Я зажмуриваюсь, привыкая к солнечному свету, а затем ахаю. Пикник на лесной полянке. Как я и хотела.
— Что ты сказал? — лукаво переспрашиваю, когда смысл его слов дошел после первой волны восторга.
— М? — дернул уголками губ, нежно заправляя прядь моих волос за ухо.
— Тагир, — прошептала, слегка надувая губки и притопывая капризно.
Знаю, что не может устоять.
— А ты против, Ясмина? — наклоняется, шепчет, целуя в висок и вдыхая аромат моих волос.
— Тагир, — бью ладошкой по груди.
— Оп, — ловкость рук, а затем на мою грудь ложится подвеска в виде луны, цепочка опоясывает шею.
— Какая красота, — шепчу, трогая украшение пальцами, поглаживая и наслаждаясь мягкостью и отблеском металла.
— Луна моего сердца, — целует в губы, трется о кончик моего носа своим. — Клянусь всегда оберегать тебя, любить и лелеять во время всех невзгод. Ты — часть моего сердца, как и эта половинка луны — неотъемлемая часть ночи.
— Солнце моей души, — улыбаюсь, чувствуя прилив нежности.
* * *
Настоящее
Воспоминания бьют наотмашь надрывом, тоской и печалью по некогда былому. Наши мысли схожи, вижу по его больному взгляду.
— Он бы так не поступил, — качаю головой, чувствуя, как внутри всё горит от злости и обиды от несправедливых обвинений в адрес брата. — Ты ведь знал его, знал, но…
— Может, и не знал, — бурчит он и делает жадный глоток воды из стакана. — Я сыт по горло нашим разговором.
С этими словами встает из-за стола, разворачивается и направляется к выходу.
— Мы оба знаем, Тагир, что он этого не делал, — произношу безжизненным голосом и слышу, как он останавливается у порога. — И когда правда всплывет, ты будешь стоять передо мной и моими родителями на коленях, молить о прощении за этот грех.
Он молчит, только скрежещет зубами. Я зажмуриваюсь, чувствуя, как щеки теплеют от слез.
— Но знай… — глухо шепчу, но он всё слышит. — Ты для меня умер.
— Ты мне это уже говорила, — хмыкает и уходит.
Но я услышала в его словах неподдельную горечь. И почувствовала пропасть, которая лишь ширилась и ширилась.
— Госпожа Ясмина, — голос Фаины, полный тревоги и страха. — Можно уже убирать со стола?

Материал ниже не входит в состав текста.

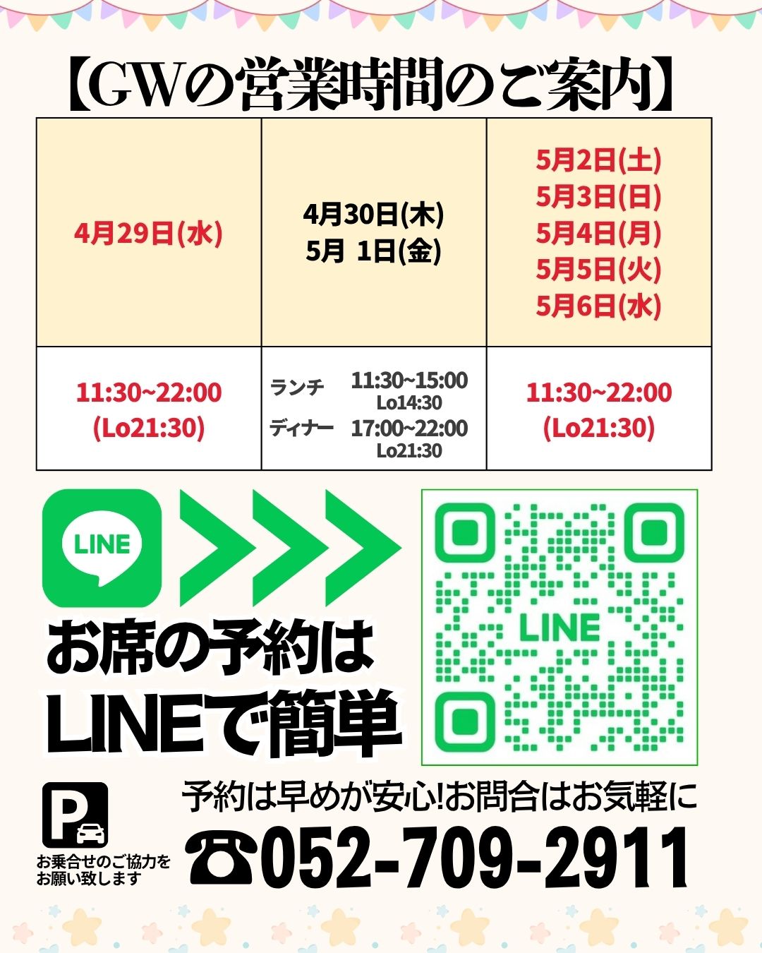 GW中のご予約も
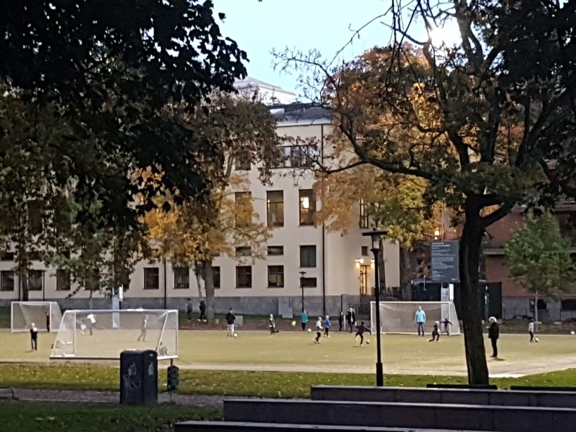 Bakom dem förtätas staden av vidriga kontorskomplex
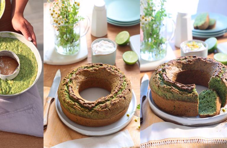 Προθερμαίνουμε τον φούρνο στους 180°C. Λαδώνουμε τη φόρμα του κέικ, αδειάζουμε το μείγμα, το στρώνουμε ομοιόμορφα και ψήνουμε για 1 ώρα και 10 λεπτά, μέχρι να φουσκώσει.
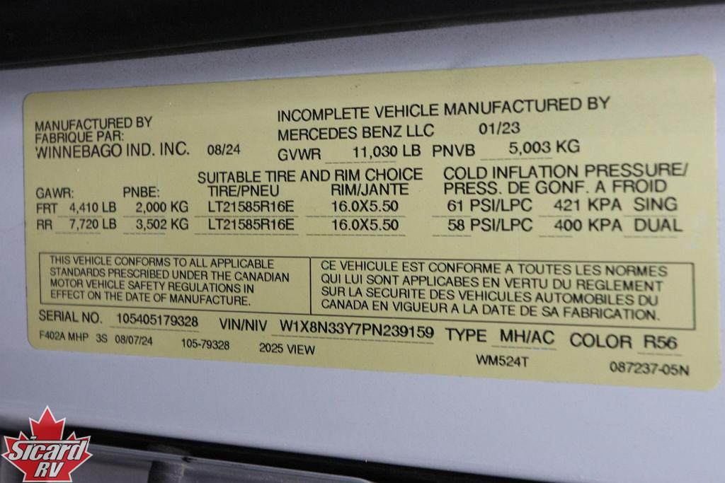 The View 24T rides on a Mercedes-Benz Sprinter chassis, powered by a 2.0L turbo-diesel engine with a 9-speed automatic transmission w/overdrive.

Я поднимаю глаза и осматриваю нетронутые блюда. Аппетит полностью пропал. Лучше пойду спать.
— Где помощницы? Пусть уберут, — пожимаю плечами, встаю, чувствуя, как затекло тело.
— Ох, госпожа Ясмина, одна я осталась ведь. Девушек больше в доме и не будет. Только новых нанимать, но пока госпожа Наиля в больнице, никакого персонала. Сами понимаете.
Я напряглась и сразу сникла. Очередное напоминание, что в этом доме я не хозяйка. Никто и звать никак.
Глава 21
Уснула я одна. На всякий случай подперла дверь тумбочкой, в то же время понимая, что, если Тагир захочет попасть в комнату, она не послужит помехой. И только в комнате поняла, что подвески со мной больше нет.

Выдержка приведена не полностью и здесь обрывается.